__Exercise prompt__
Your reply should consist solely of the lines from the one containing "1度こんがりと素焼きして湯布院の名水を使って8時間ほど秘伝の" through the end of the data, restated word for word.

- - - - -

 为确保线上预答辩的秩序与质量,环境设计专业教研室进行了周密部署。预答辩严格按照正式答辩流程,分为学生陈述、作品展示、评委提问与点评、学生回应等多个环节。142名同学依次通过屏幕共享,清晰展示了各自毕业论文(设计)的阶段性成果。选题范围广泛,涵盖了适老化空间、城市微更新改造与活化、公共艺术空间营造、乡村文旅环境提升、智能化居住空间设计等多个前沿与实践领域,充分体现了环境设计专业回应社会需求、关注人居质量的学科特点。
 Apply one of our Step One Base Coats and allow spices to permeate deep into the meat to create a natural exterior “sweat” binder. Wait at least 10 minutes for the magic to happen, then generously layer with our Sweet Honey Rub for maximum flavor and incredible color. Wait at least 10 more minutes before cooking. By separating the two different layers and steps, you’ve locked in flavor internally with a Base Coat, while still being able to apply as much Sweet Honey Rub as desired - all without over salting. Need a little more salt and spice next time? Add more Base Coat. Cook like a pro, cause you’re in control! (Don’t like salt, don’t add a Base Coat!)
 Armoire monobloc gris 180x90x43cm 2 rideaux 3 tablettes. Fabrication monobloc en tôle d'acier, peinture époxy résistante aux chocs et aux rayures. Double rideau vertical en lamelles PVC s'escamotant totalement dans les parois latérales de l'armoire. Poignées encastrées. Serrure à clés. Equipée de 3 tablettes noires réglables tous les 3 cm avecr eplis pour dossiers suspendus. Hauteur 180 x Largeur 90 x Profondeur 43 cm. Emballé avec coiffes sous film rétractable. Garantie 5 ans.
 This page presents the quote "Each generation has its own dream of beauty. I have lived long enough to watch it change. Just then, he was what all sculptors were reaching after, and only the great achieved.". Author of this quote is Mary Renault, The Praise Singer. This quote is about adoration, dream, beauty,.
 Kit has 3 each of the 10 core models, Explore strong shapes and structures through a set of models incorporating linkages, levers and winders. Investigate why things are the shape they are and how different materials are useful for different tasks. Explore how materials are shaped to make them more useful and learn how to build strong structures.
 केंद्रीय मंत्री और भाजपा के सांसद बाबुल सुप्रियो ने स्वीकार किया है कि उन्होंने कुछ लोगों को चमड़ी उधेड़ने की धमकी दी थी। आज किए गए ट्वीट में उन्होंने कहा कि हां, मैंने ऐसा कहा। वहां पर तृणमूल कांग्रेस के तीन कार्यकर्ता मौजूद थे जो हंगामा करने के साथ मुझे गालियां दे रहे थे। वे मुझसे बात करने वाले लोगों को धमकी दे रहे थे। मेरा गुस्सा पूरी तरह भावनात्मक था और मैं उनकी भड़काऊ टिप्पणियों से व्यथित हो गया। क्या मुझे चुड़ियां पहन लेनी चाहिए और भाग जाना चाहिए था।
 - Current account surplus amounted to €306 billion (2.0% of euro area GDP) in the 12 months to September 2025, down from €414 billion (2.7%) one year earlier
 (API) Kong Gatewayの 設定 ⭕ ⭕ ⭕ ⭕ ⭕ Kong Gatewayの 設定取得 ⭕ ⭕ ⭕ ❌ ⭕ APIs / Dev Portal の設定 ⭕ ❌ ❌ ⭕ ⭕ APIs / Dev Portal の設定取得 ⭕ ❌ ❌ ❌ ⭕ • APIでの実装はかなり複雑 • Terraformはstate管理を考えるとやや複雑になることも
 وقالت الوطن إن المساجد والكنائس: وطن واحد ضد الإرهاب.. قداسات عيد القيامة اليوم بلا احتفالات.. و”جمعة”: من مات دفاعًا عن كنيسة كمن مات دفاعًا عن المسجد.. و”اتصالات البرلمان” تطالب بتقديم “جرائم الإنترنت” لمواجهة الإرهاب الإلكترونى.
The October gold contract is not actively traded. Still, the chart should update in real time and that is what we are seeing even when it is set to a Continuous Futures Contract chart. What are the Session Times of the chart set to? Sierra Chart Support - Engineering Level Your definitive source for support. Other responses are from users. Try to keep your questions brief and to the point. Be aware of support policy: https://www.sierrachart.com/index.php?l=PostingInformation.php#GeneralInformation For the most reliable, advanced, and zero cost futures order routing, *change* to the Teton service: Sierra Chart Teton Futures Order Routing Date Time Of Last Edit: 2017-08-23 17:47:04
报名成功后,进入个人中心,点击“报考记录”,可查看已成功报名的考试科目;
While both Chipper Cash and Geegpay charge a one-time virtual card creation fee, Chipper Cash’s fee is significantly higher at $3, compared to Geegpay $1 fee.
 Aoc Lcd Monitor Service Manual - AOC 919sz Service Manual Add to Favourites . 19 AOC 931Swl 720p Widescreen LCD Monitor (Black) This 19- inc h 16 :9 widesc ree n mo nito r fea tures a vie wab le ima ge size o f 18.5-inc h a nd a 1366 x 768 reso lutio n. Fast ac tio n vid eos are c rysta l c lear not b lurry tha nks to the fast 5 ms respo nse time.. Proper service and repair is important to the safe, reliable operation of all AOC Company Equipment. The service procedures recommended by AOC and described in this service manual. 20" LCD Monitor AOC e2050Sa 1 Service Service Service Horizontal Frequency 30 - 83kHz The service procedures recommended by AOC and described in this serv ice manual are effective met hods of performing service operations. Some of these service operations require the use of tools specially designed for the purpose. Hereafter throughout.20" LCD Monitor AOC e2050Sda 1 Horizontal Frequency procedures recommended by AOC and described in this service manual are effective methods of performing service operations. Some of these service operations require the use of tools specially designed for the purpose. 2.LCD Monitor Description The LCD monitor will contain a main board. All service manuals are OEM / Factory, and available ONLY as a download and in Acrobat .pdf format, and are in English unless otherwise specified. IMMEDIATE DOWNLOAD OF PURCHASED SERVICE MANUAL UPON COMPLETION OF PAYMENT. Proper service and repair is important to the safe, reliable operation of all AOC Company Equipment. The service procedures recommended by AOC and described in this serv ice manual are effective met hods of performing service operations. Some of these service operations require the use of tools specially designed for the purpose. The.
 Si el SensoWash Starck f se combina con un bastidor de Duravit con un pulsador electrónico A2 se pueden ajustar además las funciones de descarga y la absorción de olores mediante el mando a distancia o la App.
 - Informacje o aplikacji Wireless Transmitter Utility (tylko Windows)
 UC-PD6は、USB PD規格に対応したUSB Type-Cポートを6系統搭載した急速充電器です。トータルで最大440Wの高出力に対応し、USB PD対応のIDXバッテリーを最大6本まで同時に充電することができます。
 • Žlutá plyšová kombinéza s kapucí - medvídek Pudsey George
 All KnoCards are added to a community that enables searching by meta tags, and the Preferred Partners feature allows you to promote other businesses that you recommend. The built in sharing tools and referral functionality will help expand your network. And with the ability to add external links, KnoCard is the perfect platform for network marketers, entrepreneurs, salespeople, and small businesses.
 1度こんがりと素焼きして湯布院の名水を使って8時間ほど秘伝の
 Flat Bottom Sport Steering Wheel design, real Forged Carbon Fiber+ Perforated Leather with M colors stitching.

- - - - -

__Result of this exercise__
 1度こんがりと素焼きして湯布院の名水を使って8時間ほど秘伝の
 Flat Bottom Sport Steering Wheel design, real Forged Carbon Fiber+ Perforated Leather with M colors stitching.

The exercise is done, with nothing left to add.